The «nanocarrier» containing the drug was tested on tumours in mice, and proved better at reducing them than the drug alone.

A conference in Berlin was told that the method could also cut the side-effects of powerful medication.

Cancer drugs which could reach the brain are urgently needed, say UK experts.

The ‘blood brain barrier’ is a defence system designed to protect the sensitive brain from large, potentially toxic molecules circulating in the blood.

However, this function means it ends up protecting cancer cells in the brain from drugs.

Trigger

The researchers from Germany’s Max-Delbruck Centre for Molecular Medicine have tried to hijack the barrier’s own mechanisms to help get the drugs through.

Molecules which are needed by the brain activate receptors at the barrier, and are actively pulled through.

The team found a molecule which could trigger this process, and constructed a capsule containing the drug mitoxantrone, with this molecule attached to its surface.

The disguise appeared to work, at least in mice with breast tumours implanted into their brains.

In comparison with untreated mice, the «nanocarrier» mitoxantrone reduced tumour area by 73%, and more importantly, by 45% in comparison with mice simply given the drug on its own.

Also, the researchers noted the extent of side-effects in the mice.

While those given only the drug had weight loss, dehydration, and stomach disorders, there were no noticeable side effects in those given the nanocarrier treatment.

This, they said, was because the molecule on the surface of the liposome capsule marked it for delivery to brain cells, stopping it from wreaking havoc in other parts of the body.

Andrea Orthmann, one of the researchers, said the «nanocarrier» could potentially hold not only other cancer drugs, but also drugs aimed at other brain conditions.

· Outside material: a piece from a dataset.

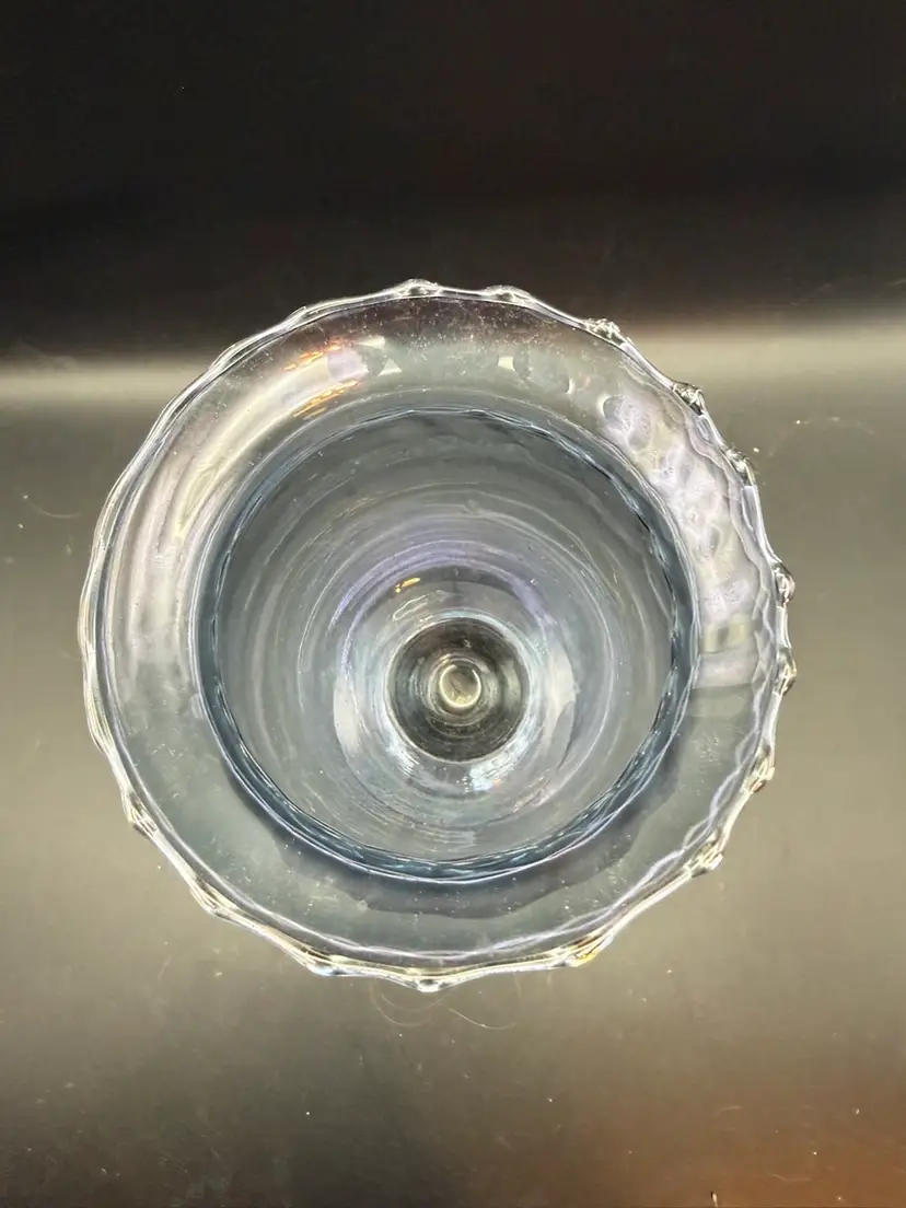 This particular style of vase, with its footed pedestal and ruffled rim, is reminiscent of designs popular during the Art Nouveau and Art Deco periods, though similar styles continued to be produced well into the mid-20th century.

She said: «The liposomes have the potential to be used in several other diseases, including neurodegenerative ones such as Alzheimer’s Parkinson’s and Huntingdon’s disease, as well as other tumours.»

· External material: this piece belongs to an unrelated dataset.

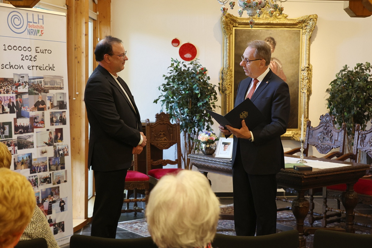 Es war ein ungewöhnlicher Einstieg in die Feierstunde im Bergneustädter Heimatmuseum, bei der Michael Enders das Bundesverdienstkreuz für seine Verdienste um die Leukämie- und Lymphom-Hilfe NRW (LLH NRW) verliehen wurde.

However, she conceded that much more time-consuming work would be needed before the technology could be used in humans.

Roy Rampling, professor emeritus at Glasgow University and a specialist in neuro-oncology, said that other researchers in the UK and abroad were using similar approaches.

He said: «The idea is to encapsulate drugs to deliver their payload once they reach the brain.

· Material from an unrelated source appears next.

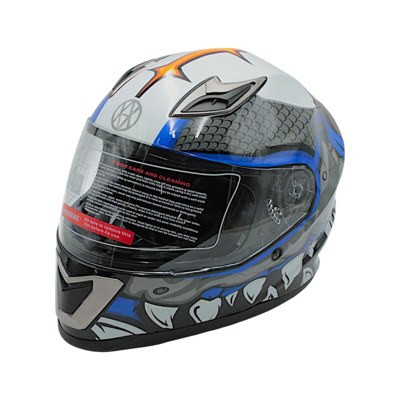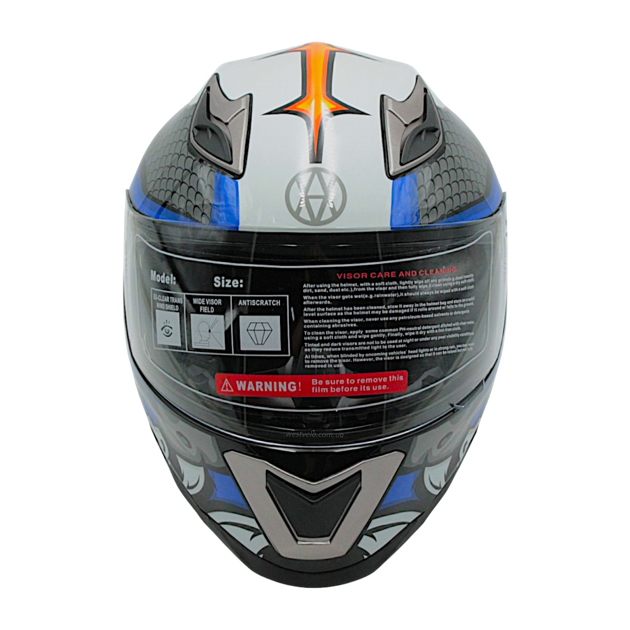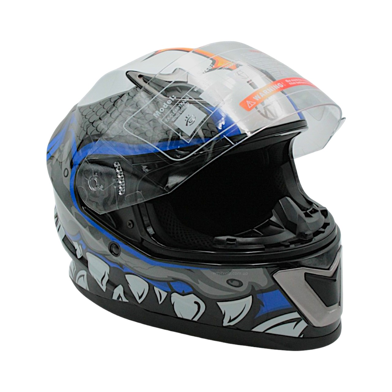 Мото шолом, закритий (L 59-60) VLAND M62-Dino, інтеграл, синій, глянцевий

«You need to get sufficient drug into the brain without increasing side-effects, and because it is encapsulated, it doesn’t produce the same level of toxicity in other organs, particularly the bone marrow.»

Trevor Lawson, from Brain Tumour UK, which supports similar projects, said that there was an urgent need to find new ways to deliver drugs across the blood brain barrier.

He said: «In addition to the terrible impact of primary tumours in the brain, which claim more children and adults under 45 than any other cancer, there are already reports that secondary brain cancer is increasing as we get better at treating cancer elsewhere in the body.

«Some oncologists predict that the brain will be the final battleground against cancer, so drugs developed at this nano-molecular level will be an essential weapon.»